Stored entries
........

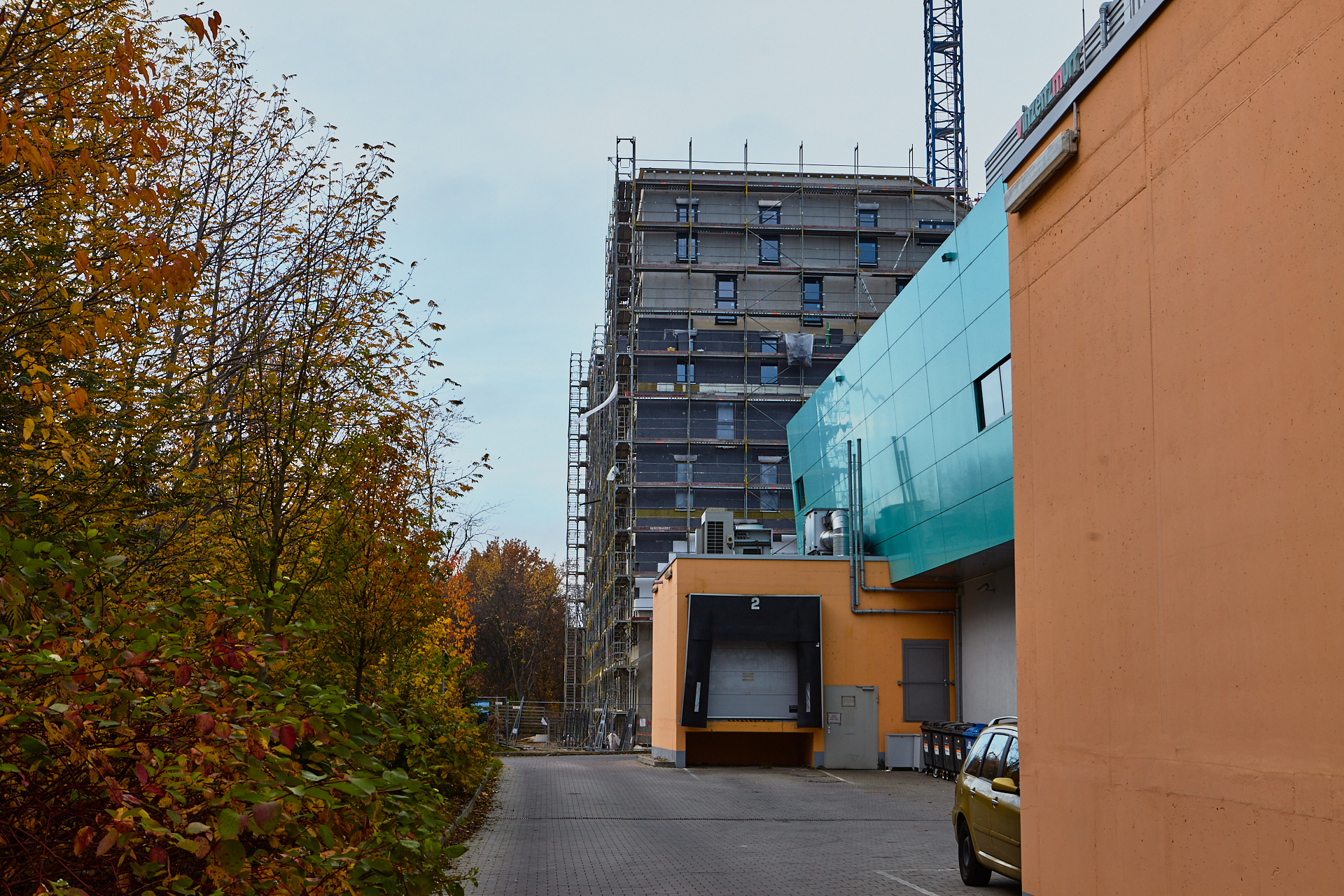Neuperlach - Baustelle LAO-Haus mit Gerüst 11.11.2014
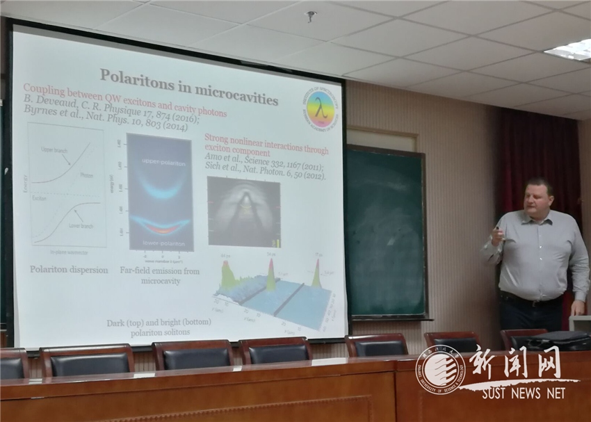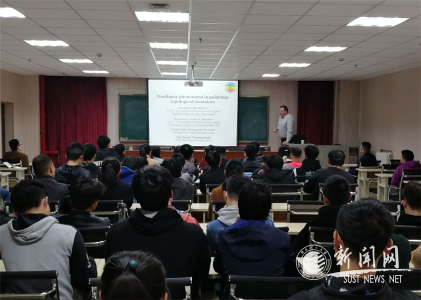 11月13日下午,俄罗斯科学院光谱研究所首席科学家Yaroslav Kartashov教授应邀在文理学院440报告厅开展前沿科学报告。报告题目为“Nonlinear phenomena in polariton topological insulators”(激子拓扑绝缘体中的非线性现象)。报告由物理学科学术带头人刘建科教授主持。文理学院物理系部分教师、研究生和本科生参加了报告会。同时,西安交通大学、电子科技大学和金沙官网电信学院部分教师和研究生也前来听取报告。
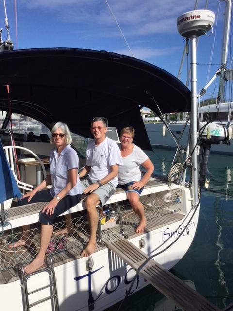 Britt , Bosse och Lena + skepparn som tar kortet är den nya besättningen på Toga. Lite bleka i skinnet nu men fin solbränna ska det bli efter 3 veckor !
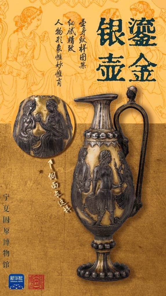 鎏金銀壺有何特殊之處?這件波斯王朝的酒具,是在薩珊時代的巴克特里亞地區(qū)制造而成,距今已有1500年歷史,壺身上的雕刻以連環(huán)畫的形式講述了希臘神話故事里的內(nèi)容?!蚌探疸y壺整體造型融合了波斯薩珊金銀器風(fēng)格、希臘風(fēng)格和巴克特里亞當(dāng)?shù)卦亍!睂幭墓淘┪镳^副館長張強(qiáng)介紹,在現(xiàn)階段出土文物中,鎏金銀壺不僅在中國只此一件,在世界現(xiàn)存的薩珊金銀器中亦屬罕見。
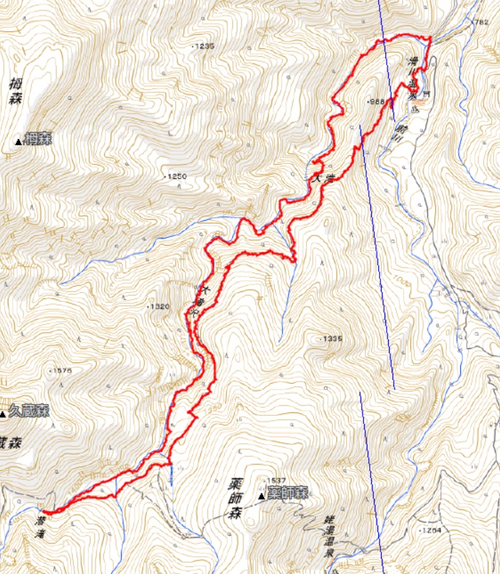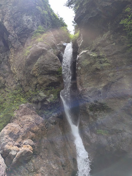 仲間内では大滝沢の遡行は多いが、なかなかここまで来ることは少ない。自分も沢登りでは実はまだ2度目だ。通常はネコノ沢かヒョングリ滝、桶木沢から登山道に戻ることが多い。潜滝からやや戻り、登山道との交差付近でお昼とする。大滝沢の水は酸っぱくて飲料には適さないが、自分は水を持ってきていなかったので、沢の水でカップラーメンを食べた。カップラーメンにすれば味はさほど問題なかった。ここからは登山道を下るだけだ。以前は登山道が荒れて竹などで埋もれていたが、今日は草刈りがキレイにされていて歩きやすい。草刈りの苦労に思いを馳せながら感謝して下る。滑川温泉付近に到着すると吊り橋が見える。災害で破損した吊り橋が有料の吊り橋として復活している。吊り橋を下ってもOKだが今回はもう少し下流に下り、前川を飛び石で横断した。雰囲気を味わいたいなら吊り橋がよいかもしれない。前川を横断し道路に到着し山行は終了。今日の下界の気温は30℃近いがまだ今の時期の沢は冷たかった。夏には水の温度も上がり泳ぎの渓になるのでまた訪れたいものだ。
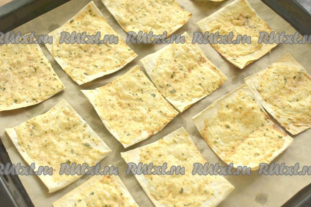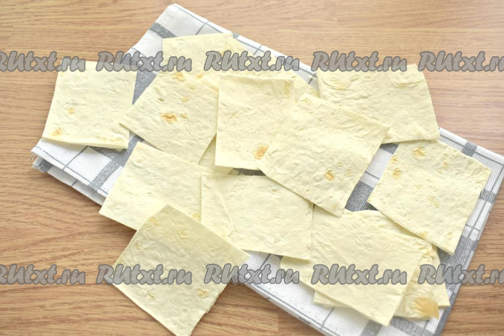 Тонкий лаваш нарезаем на квадраты или прямоугольники со сторонами примерно 4-5 сантиметров.
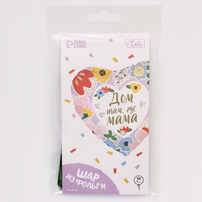 День матери. Воздушный шар фольгированный 18" «Дом там, где мама», сердце, с подложкой
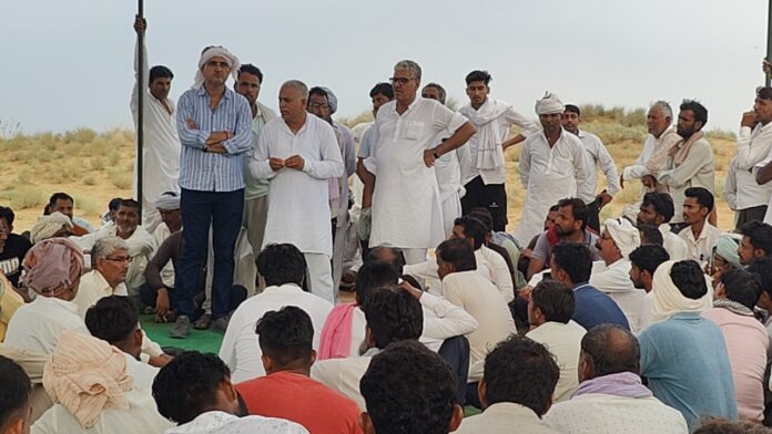 मृतक के परिजन व ग्रामीण सुबह से घटनास्थल पर धरना लगाकर बैठे है। धरने पर क्षेत्र के नेता विक्रम स्वामी, प्रभुदयाल सारस्वत, सुभाष सियाग सहित बड़ी संख्या में ग्रामीण मौजूद है। 20 घंटे बाद भी शव तारों पर ही झूल रहा है और ग्रामीणों में आक्रोश भर गया है। ग्रामीणों ने रोष जताते हुए किसी सक्षम अधिकारी के वार्ता के लिए भी नहीं आने का आरोप लगाते हुए प्रशासन को संवेदनहीन बताया। ग्रामीण एक स्वर में परिवार को न्याय देने की मांग कर रहें है।
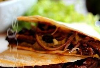 3)Plier les tortillas en deux. puis les ranger sur une plaque à pizza huilée. Cuire au four jusqu'à ce qu'elles soient dorées et que le fromage soit fondu.
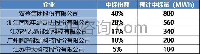圖表4:2020年5月中國鐵塔備用磷酸鐵鋰蓄電池組產(chǎn)品采購項目中標(biāo)情況
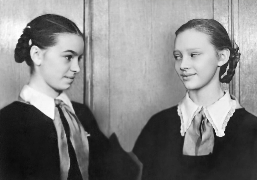 В июле 1965 г. в Москве проходил IV Московский Международный кинофестиваль. Большой приз получил фильм Сергея Бондарчука «Война и мир». Роль Наташи Ростовой в нем сыграла Людмила Савельева, выпускница ЛАХУ. На фотографии 1950-х Людмила Савельева (справа) с одноклассницей Зинаидой Любченко. Летом 1961 г. в выпускном концерте она вместе с Валентином Оношко станцевала па де де из второго акта балета «Жизель» и была зачислены в труппу ГАТОБа им. С. Кирова. Исполняла небольшие «афишные» партии. Танцующей ее можно увидеть в фильме-балете «Спящая красавица» (1964 г.) – она была одной из нереид. С этого момента начался ее «роман» с кинематографом. На пробах на роль Наташи Ростовой ей удалось убедить режиссера в том, что она – балетная артистка – сможет сыграть драматическую роль в кинофильме. И к лету 1964 г. уже была снята сцена бала Наташи Ростовой. Но Савельевой приходилось метаться между Москвой и Ленинградом, что сказалось на ее здоровье. В итоге, отказавшись от карьеры балерины, она выб
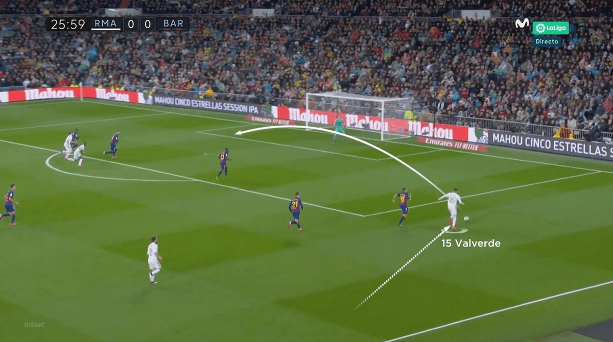 أثناء التحولات الهجومية يستطيع فالفيردي القيام بهجمة مرتدة من خلال تبادل التمريرات مع أقرب زميل له ثم الجري بسرعة ، زيدان يطالب لاعبيه بالبقاء مستعدين لإحتمالية بدأ هجمة مرتدة وقدرة فالفيردي بشكل خاص على القيام بذلك أحد الأسباب التي تجعل زيدان يقدره إلى هذا الحد.
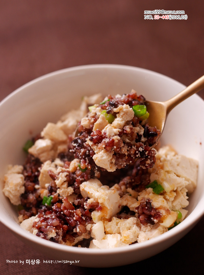 2. 두부를 살짝 데쳐 약간 으깬 후 위에 올립니다.
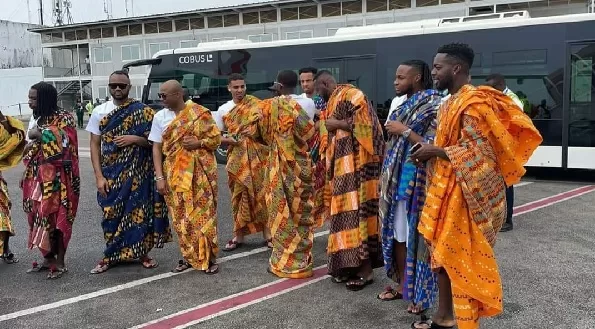 Wearing distinctive home-made Kente in various colors, the Black Stars players arrived in Abidjan, proudly showcasing the rich cultural heritage of their country.
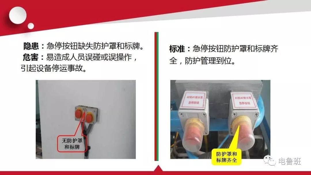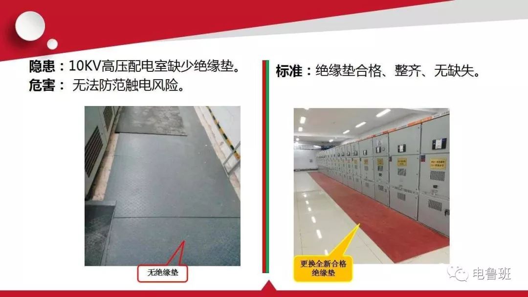 及時發(fā)現(xiàn)設備故障的前期征兆,將設備故障消除在萌芽狀態(tài),才能做到安全生產。下面分享幾組電氣設施隱患排查與標準對照,各工廠、企業(yè)負責人或者員工可以對比自查。
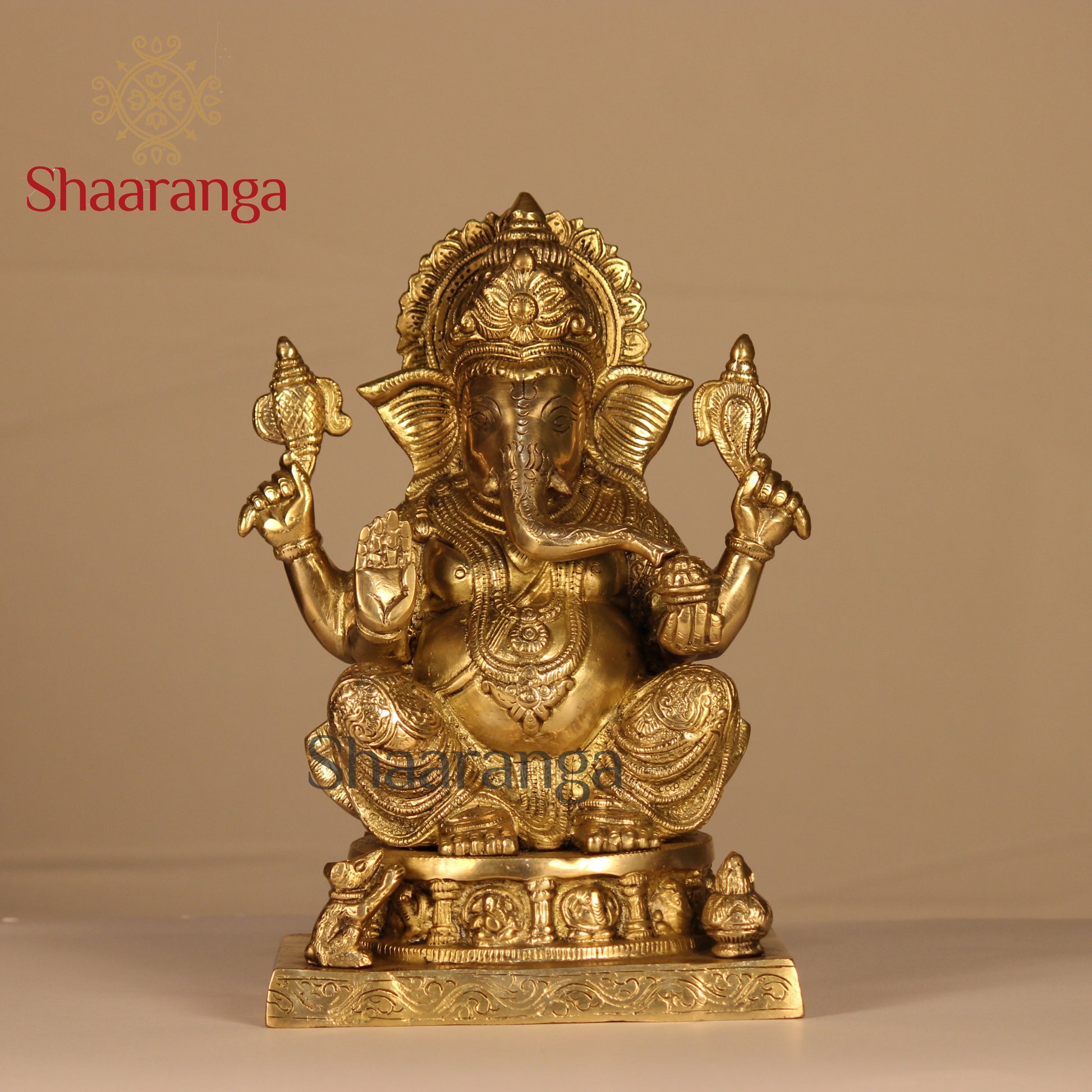 11 Inches Brass Ganesha Sitting On Base Idol.
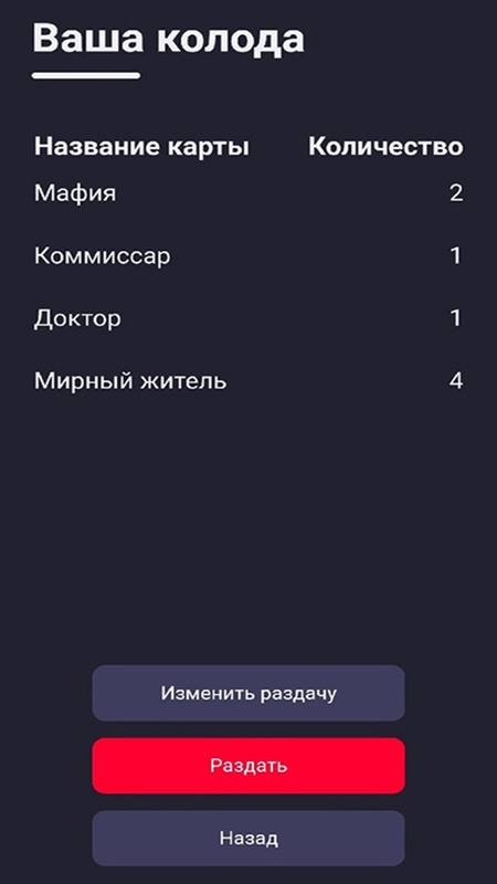 Приложение для помощи ведущему в карточной игре - "Мафия".
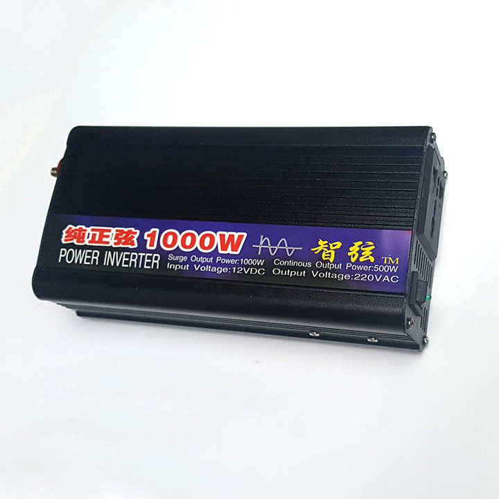 BỘ KÍCH ĐIỆN INVERTER 12V - 220V - 1000W SIN CHUẨN - CÔNG SUẤT THỰC 750W - KẸP CÁ SẤU + TẨU DÙNG Ô TÔ

........

§ ASSIGNMENT:
Leaving every picture out, output the data exactly as it stands.

§ RESPONSE BELOW:
Neuperlach - Baustelle LAO-Haus mit Gerüst 11.11.2014
 11月13日下午,俄罗斯科学院光谱研究所首席科学家Yaroslav Kartashov教授应邀在文理学院440报告厅开展前沿科学报告。报告题目为“Nonlinear phenomena in polariton topological insulators”(激子拓扑绝缘体中的非线性现象)。报告由物理学科学术带头人刘建科教授主持。文理学院物理系部分教师、研究生和本科生参加了报告会。同时,西安交通大学、电子科技大学和金沙官网电信学院部分教师和研究生也前来听取报告。
 Britt , Bosse och Lena + skepparn som tar kortet är den nya besättningen på Toga. Lite bleka i skinnet nu men fin solbränna ska det bli efter 3 veckor !
 鎏金銀壺有何特殊之處?這件波斯王朝的酒具,是在薩珊時代的巴克特里亞地區(qū)制造而成,距今已有1500年歷史,壺身上的雕刻以連環(huán)畫的形式講述了希臘神話故事里的內(nèi)容?!蚌探疸y壺整體造型融合了波斯薩珊金銀器風(fēng)格、希臘風(fēng)格和巴克特里亞當(dāng)?shù)卦亍!睂幭墓淘┪镳^副館長張強(qiáng)介紹,在現(xiàn)階段出土文物中,鎏金銀壺不僅在中國只此一件,在世界現(xiàn)存的薩珊金銀器中亦屬罕見。
 仲間内では大滝沢の遡行は多いが、なかなかここまで来ることは少ない。自分も沢登りでは実はまだ2度目だ。通常はネコノ沢かヒョングリ滝、桶木沢から登山道に戻ることが多い。潜滝からやや戻り、登山道との交差付近でお昼とする。大滝沢の水は酸っぱくて飲料には適さないが、自分は水を持ってきていなかったので、沢の水でカップラーメンを食べた。カップラーメンにすれば味はさほど問題なかった。ここからは登山道を下るだけだ。以前は登山道が荒れて竹などで埋もれていたが、今日は草刈りがキレイにされていて歩きやすい。草刈りの苦労に思いを馳せながら感謝して下る。滑川温泉付近に到着すると吊り橋が見える。災害で破損した吊り橋が有料の吊り橋として復活している。吊り橋を下ってもOKだが今回はもう少し下流に下り、前川を飛び石で横断した。雰囲気を味わいたいなら吊り橋がよいかもしれない。前川を横断し道路に到着し山行は終了。今日の下界の気温は30℃近いがまだ今の時期の沢は冷たかった。夏には水の温度も上がり泳ぎの渓になるのでまた訪れたいものだ。
 Тонкий лаваш нарезаем на квадраты или прямоугольники со сторонами примерно 4-5 сантиметров.
 День матери. Воздушный шар фольгированный 18" «Дом там, где мама», сердце, с подложкой
 मृतक के परिजन व ग्रामीण सुबह से घटनास्थल पर धरना लगाकर बैठे है। धरने पर क्षेत्र के नेता विक्रम स्वामी, प्रभुदयाल सारस्वत, सुभाष सियाग सहित बड़ी संख्या में ग्रामीण मौजूद है। 20 घंटे बाद भी शव तारों पर ही झूल रहा है और ग्रामीणों में आक्रोश भर गया है। ग्रामीणों ने रोष जताते हुए किसी सक्षम अधिकारी के वार्ता के लिए भी नहीं आने का आरोप लगाते हुए प्रशासन को संवेदनहीन बताया। ग्रामीण एक स्वर में परिवार को न्याय देने की मांग कर रहें है।
 3)Plier les tortillas en deux. puis les ranger sur une plaque à pizza huilée. Cuire au four jusqu'à ce qu'elles soient dorées et que le fromage soit fondu.
圖表4:2020年5月中國鐵塔備用磷酸鐵鋰蓄電池組產(chǎn)品采購項目中標(biāo)情況
 В июле 1965 г. в Москве проходил IV Московский Международный кинофестиваль. Большой приз получил фильм Сергея Бондарчука «Война и мир». Роль Наташи Ростовой в нем сыграла Людмила Савельева, выпускница ЛАХУ. На фотографии 1950-х Людмила Савельева (справа) с одноклассницей Зинаидой Любченко. Летом 1961 г. в выпускном концерте она вместе с Валентином Оношко станцевала па де де из второго акта балета «Жизель» и была зачислены в труппу ГАТОБа им. С. Кирова. Исполняла небольшие «афишные» партии. Танцующей ее можно увидеть в фильме-балете «Спящая красавица» (1964 г.) – она была одной из нереид. С этого момента начался ее «роман» с кинематографом. На пробах на роль Наташи Ростовой ей удалось убедить режиссера в том, что она – балетная артистка – сможет сыграть драматическую роль в кинофильме. И к лету 1964 г. уже была снята сцена бала Наташи Ростовой. Но Савельевой приходилось метаться между Москвой и Ленинградом, что сказалось на ее здоровье. В итоге, отказавшись от карьеры балерины, она выб
 أثناء التحولات الهجومية يستطيع فالفيردي القيام بهجمة مرتدة من خلال تبادل التمريرات مع أقرب زميل له ثم الجري بسرعة ، زيدان يطالب لاعبيه بالبقاء مستعدين لإحتمالية بدأ هجمة مرتدة وقدرة فالفيردي بشكل خاص على القيام بذلك أحد الأسباب التي تجعل زيدان يقدره إلى هذا الحد.
 2. 두부를 살짝 데쳐 약간 으깬 후 위에 올립니다.
 Wearing distinctive home-made Kente in various colors, the Black Stars players arrived in Abidjan, proudly showcasing the rich cultural heritage of their country.
 及時發(fā)現(xiàn)設備故障的前期征兆,將設備故障消除在萌芽狀態(tài),才能做到安全生產。下面分享幾組電氣設施隱患排查與標準對照,各工廠、企業(yè)負責人或者員工可以對比自查。
 11 Inches Brass Ganesha Sitting On Base Idol.
 Приложение для помощи ведущему в карточной игре - "Мафия".
 BỘ KÍCH ĐIỆN INVERTER 12V - 220V - 1000W SIN CHUẨN - CÔNG SUẤT THỰC 750W - KẸP CÁ SẤU + TẨU DÙNG Ô TÔ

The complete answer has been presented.